Within about 15 km from our camp site we were in blue skies and sunshine so the cloud had cleared from our direction and was going to be more pleasant than expected after all.  Temperature range around 8 to 17 degrees.  Jeans and jackets the order of the day along with a beanie for Lawrie as heads get a little cool with not much hair to keep them warm!  Oh well what a good job he has his own spinner along, woollen beanie coming right up sir.

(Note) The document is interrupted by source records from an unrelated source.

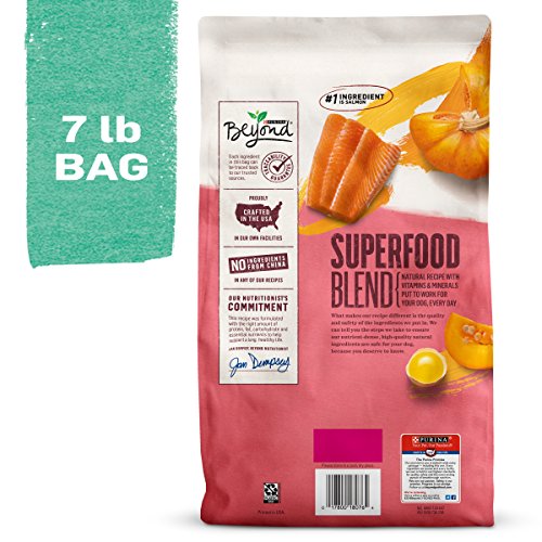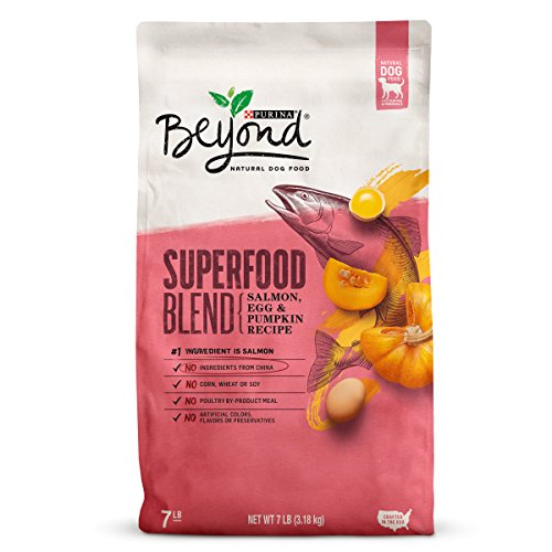 Serve your dog Purina Beyond Superfood Blend Salmon, Egg & Pumpkin Recipe Natural adult dry dog food, and give him a meal created with nutrient-dense ingredients. Real salmon is the #1 ingredient in this dry dog food, and other high-quality ingredients, including pumpkin and whole oatmeal, round out this recipe for wholesome goodness. Natural ingredients plus essential vitamins and minerals provide your adult dog with the complete and balanced nutrition he needs to support his long-term health. We craft this premium dog food without artificial colors, flavors or preservatives, and it's made with real, recognizable ingredients you can trust. For added peace of mind, this recipe contains no ingredients from China. Make this Purina Beyond Superfood Blend dry dog food recipe part of your dog's regular feeding routine, and give him a natural dog food that meets all your ingredient criteria. Satisfy your best friend's cravings with the tasty crunch of this Purina Beyond dry dog food.Feature
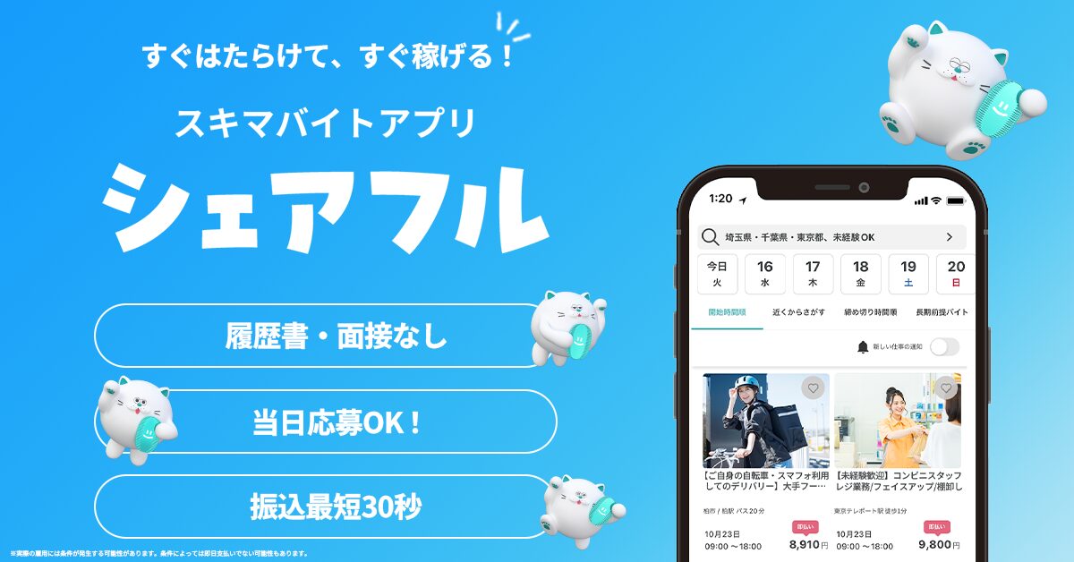 そこで活躍してくれるのが、スキマ時間に働ける単発バイトアプリ『シェアフル』です。スマホさえあれば面接や履歴書なしでサクッと応募でき、その日のうちに働ける手軽さから、多くのユーザーに利用されていますよ。
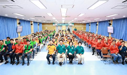 울진군청 대회의실에서 열린 발대식은 예측 불가능한 극한호우 및 취약시간대에 능동적으로 대처하기 위해, 지형과 수리에 밝은 이장, 자율방재단, 의용소방대, 자율방범대 등으로 편성·구성하였다.
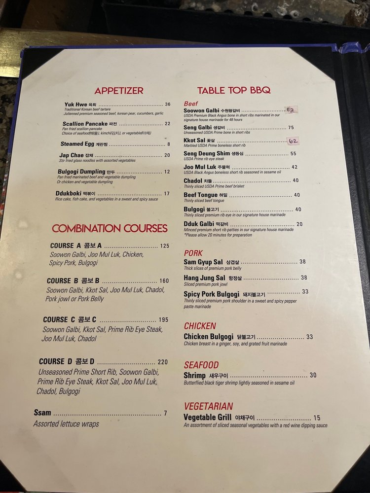 Soowon Galbi KBBQ, located in Los Angeles, offers a delicious Korean BBQ experience. With options for reservations, delivery, and takeout, this restaurant is a convenient choice. The menu features a variety of dishes, such as Bulgogi Dumplings for appetizers and marinated meats like Grilled Kkot Sal and Dduk Galbi for beef lovers. Customers rave about the attentive service and flavorful food, with standout dishes like the Soowon Galbi being a must-try. The restaurant's banchans (side dishes) and cold noodles are also highly praised, adding to the overall dining experience. Despite the slightly higher prices, the quality and taste of the dishes make it worth the cost. If you're looking for a top-notch KBBQ spot with exceptional service and a welcoming atmosphere, Soowon Galbi KBBQ is the place to be.
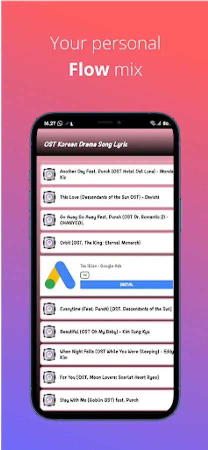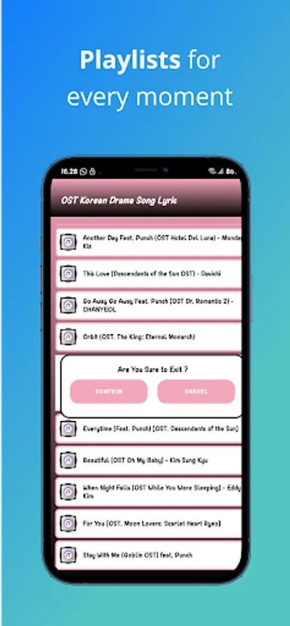 Kdrama OST song's application comes with lyrics in each song and this application can run OFFLINE (without the need for internet), is displayed interactively with clear images that make it easier for users, presented for FREE and can be saved in EXTERNAL MEMORY.

The drive to Queenstown was mainly through timber plantations again, and up and down a few mountains (well rather high hills at least).  Only problem is that these Tasmanians seem to like to drive on both sides of the double white lines as they come around corners so you have to really be on your guard.  Takes a little gloss off the fun of towing your van around.   We were quite impressed with Mt Murchison and took a photo with the cloud on top.  There was also a Lake Murchison which was quite large and the road crossed it twice. 
Mt Murchison

Just past Roseberry we came across the Stitt River rest area and stopped for a cuppa.   This area has been developed by the local Lions clubs and there are new tables and chairs and viewing platform that have been built for the convenience of travellers.  I couldn’t help but take photos of the glorious dahlias that were flowering in the park.  Their beauty made a distinct contrast to the mineral laden hillside where the light green coloured water flowed over very orange ground.  The Stitt River below, ran over rocks which created small rapid like waterfalls.  A very pleasant cuppa stop.

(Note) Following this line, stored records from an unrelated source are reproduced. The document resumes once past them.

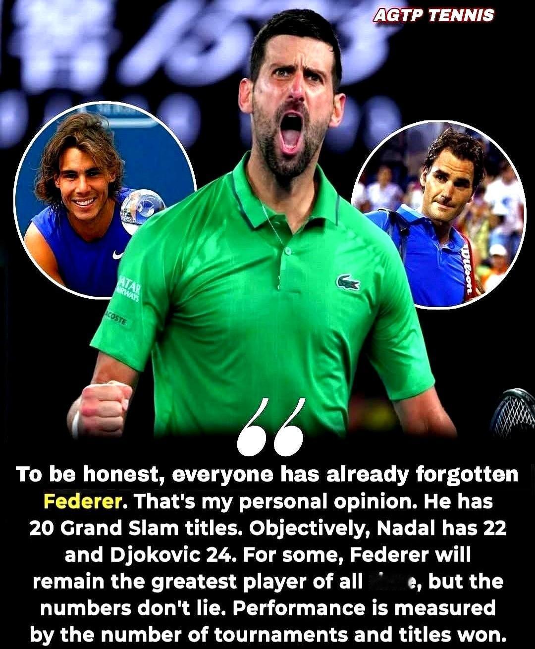 别再吹费德勒是“史上最佳”了,数据不会说谎,我们可能都欠德约科维奇一个道歉。 翻开记录册,冰冷的数字砸在脸上:德约24座大满贯,纳达尔22座,费德勒的20座,已经被硬生生挤到第三。 你再看世界第一的周数,德约科维奇428周,几乎是整整8年,把费德勒的310周远远甩在身后。 就连“王中王”年终总决赛,也是德约7-6领先。 我知道你会说,费德勒打球是艺术,是芭蕾。 但竞技体育的铁律是什么? 是胜利。 是奖杯压弯了荣誉室的隔板,而不是优雅的姿态。 我们迷恋的,是记忆中美化的优雅;而我们必须尊重的,是现实中碾压一切的强大。
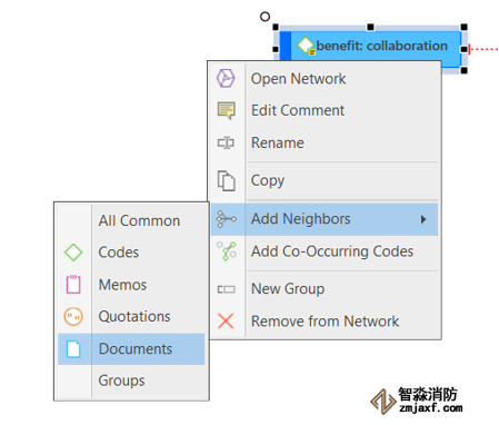 圖12:向ATLAS.ti網絡中的代碼節點添加文檔(Windows和Mac版本9.1)
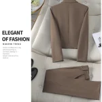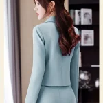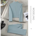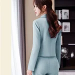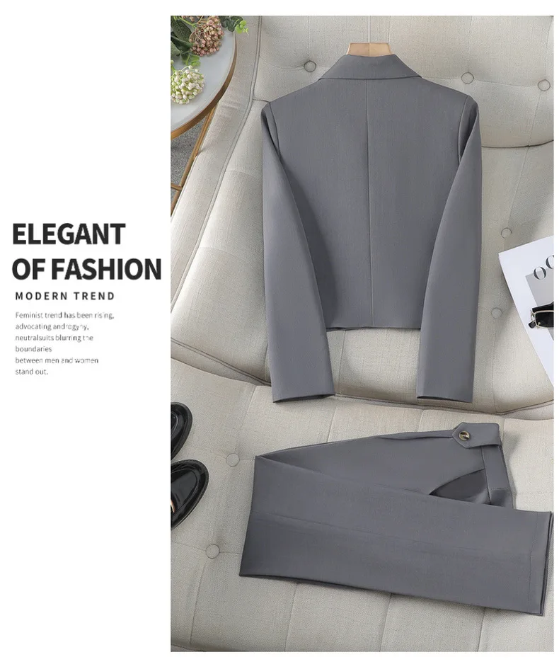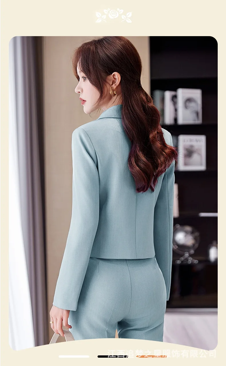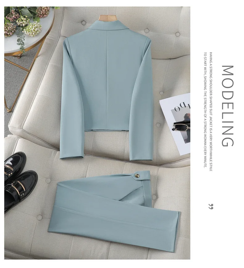 The ankle-length pants provide a modern touch while ensuring comfort and ease of movement throughout the workday.
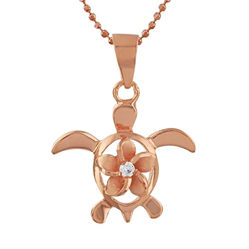 -. Title : [ハワイアン シルバー ジュエリー] Hawaiian Silver Jewelry ホヌ (亀) × プルメリア ネックレス ジルコニア付き ピンクゴールド トーン シルバー925 [インポート]

Queenstown hillsides are slowly becoming greener after being known for their ‘moonscape’ appearance.  We visited the railway station and checked out about the Wilderness Railway trips that run between Queenstown and Strahan daily.  The cost was $129 per person, (no concessions) but does include lunch and the return bus trip so we decided it would be well worth it.  We had been told of this train trip by others and all encouraged us to take the trip so tomorrow we are booked to go.  We checked out the heritage display at the railway station and marvelled over the photos of construction during the late 1800’s where there were only picks and shovels to build the railway line through the mountains and approximately 40 bridges.  The original line took 2 ½ years to complete and the restoration took 3 years.  The original line built by the Mt Lyall Mining Co had been in use till 1963 and it was in the late 1990’s that the decision was made to resurrect the line and bring back the small steam engines that use to ply this route previously.   We were at the station when the train arrived and damn but my camera was in the car…….oh well there is hopefully a chance tomorrow.  We were able to watch the engine uncouple and go to the turntable to be pushed around 180 degrees by the driver and assistant so that it could re-connect to the end of the 3 carriages for the return trip.  We are certainly looking forward to our day out.